# Life Like question



## SFC_Allen (Aug 19, 2007)

Was wondering what people think about the 2005 & 2008 life like cars. I was looking to buy a few nascar styles.

Do they run pretty good or are they not worth the purchase.

I know it's vague but just trying to get a general idea about the quality of them.

Also where is a place i can buy HO nascar decals. 

Thanks in advance Earle


----------



## neorules (Oct 20, 2006)

Its hard to define what pretty good means anymore. Some people think the LL cars are too fast and handle too well for their taste. Also what size and type of track are you running on. Are you planning on lowering the rear? What power are you using? If you like nascar they are most likely the best choice.


----------



## twolff (May 11, 2007)

I'm in the "too fast to see" camp with the Life-Likes. Most of the ones I've run on my Tomy track require smaller front tires or work on the pick-up to get them to run consistently. 
Probably due to the taller rails on the Life-Like track the cars are designed for.


----------



## Grandcheapskate (Jan 5, 2006)

While I don't care to run them on Tyco plastic track (too much downforce), I have run them on a routed track with less downforce and they were great. So I think my personal view is that I will love to run them once I get a track with less downforce. Once you reduce the downforce, it forces you to run them slower which takes care of the "too fast to see" issue - if that is an issue for you.
I also like the M chassis more than the current T chassis. The T chassis has the two dot magnets.

Joe


----------



## slotnewbie69 (Dec 3, 2008)

gotta agree on the m chassis,cheapskate.just seems better engineered,and is still fast,but doesn't explode the first time you hit a wall,like the t is prone to.


----------



## NTxSlotCars (May 27, 2008)

The M is my fav too. 
It acts more like a weighted chassis because you can swing out so far and still have downforce.
The T loses downforce with very little sway. So if you slide out just a bit at speed, you're done.


----------



## slotnewbie69 (Dec 3, 2008)

the m is just solid looking compared to the T i like the low slung look of them aswell


----------



## TjetBill (May 8, 2010)

Here are some sources for NASCAR Decals:

Silk Screened decals:

http://www.jaghobbies.com/ho_slot_cars/decals.htm

http://www.lucky-bobs-slot-cars.com/ho-express1.html

Printed with Alps Printer - require a clear coat of Future or clear paint:

http://members.optushome.com.au/pattosplace/home.html

These are the sources I use.

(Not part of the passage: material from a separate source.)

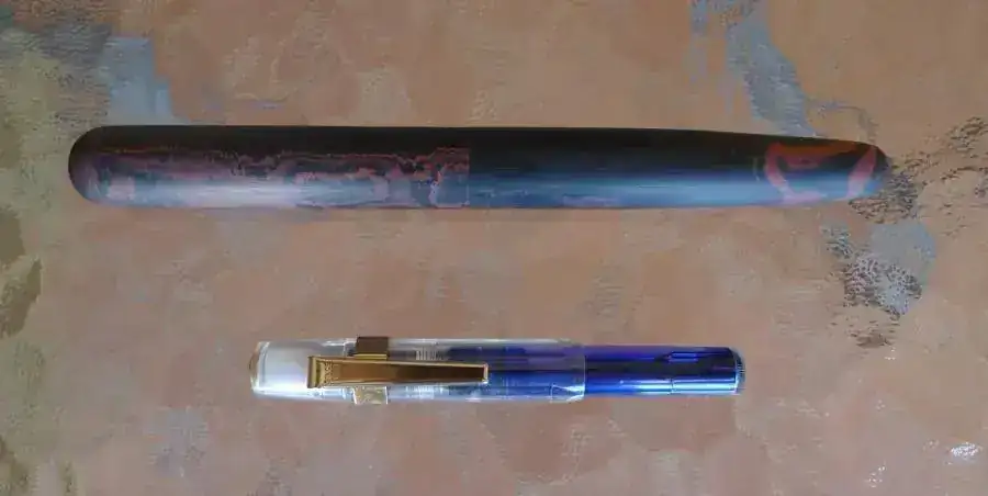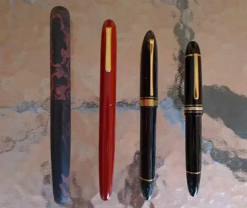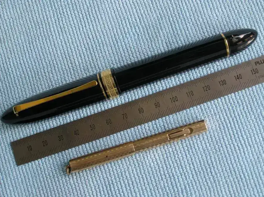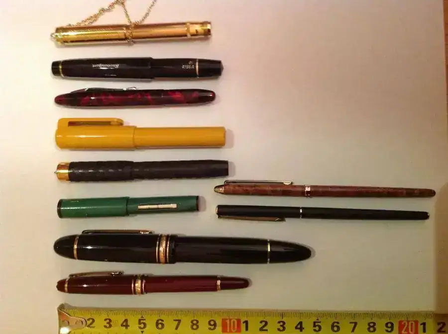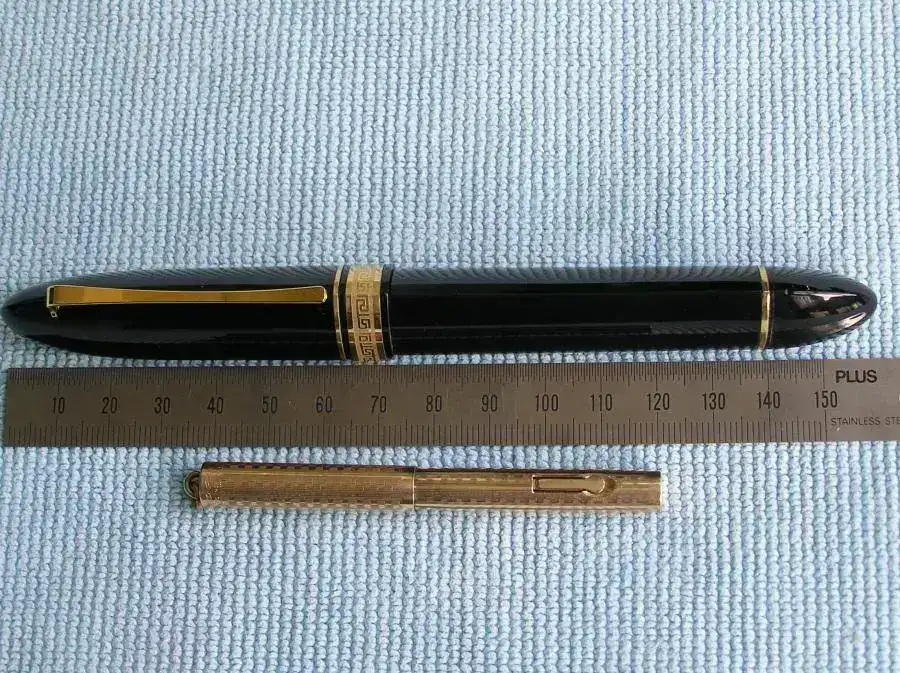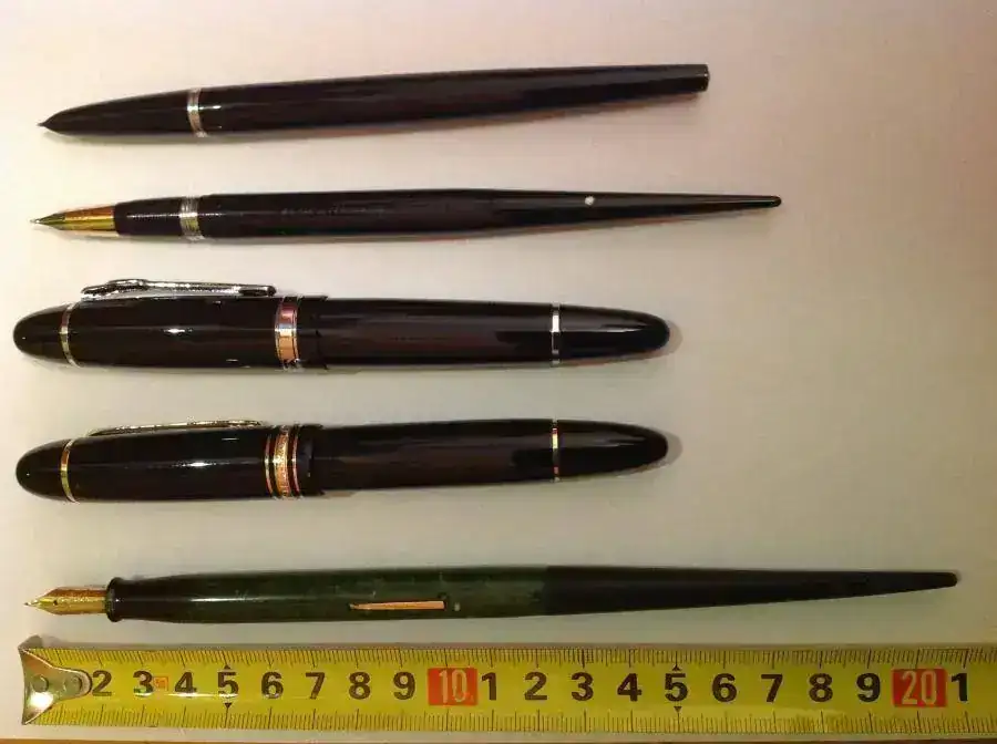 En mi caso la mas grande que tengo debe ser una OMAS 360 de las primeras series, con cargador por émbolo, que mide casi unos 16 cm. cerrada. Un auténtico plumón.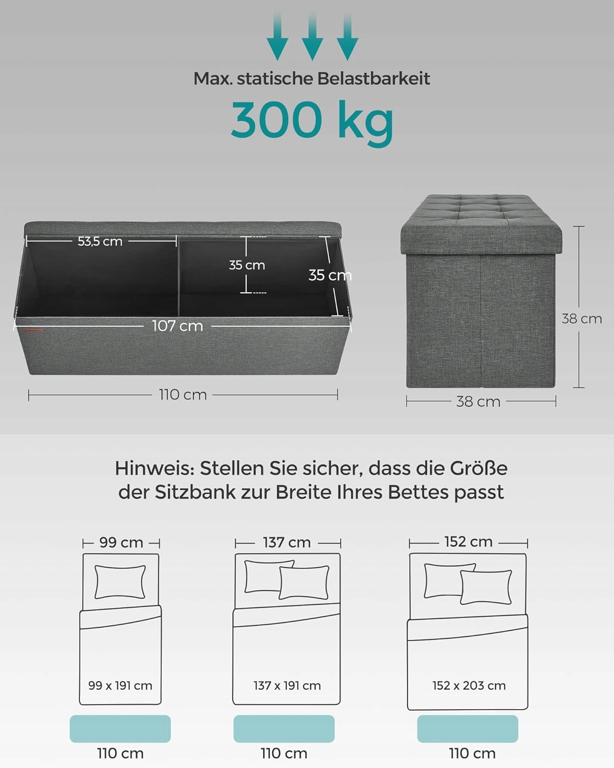 Duża pojemność 120 l pozwala schować koce, poduszki, zabawki, buty czy sezonową odzież. Elegancka tapicerka w kolorze ciemnoszarym o strukturze imitującej len sprawia, że ławka pasuje zarówno do nowoczesnych, jak i klasycznych wnętrz.

The long time Hobby Talkers probably have more choices.

TjetBill


----------



## slotnewbie69 (Dec 3, 2008)

if you have a decent color printer,you can also buy decal paper and print your own.i think you need the software though.anyone here correct if i am wrong


----------



## SFC_Allen (Aug 19, 2007)

Guys, thanks for the info. I have a Tomy/AFX track so looks like i'll have to figure out the tuning process for these to keep them on the track.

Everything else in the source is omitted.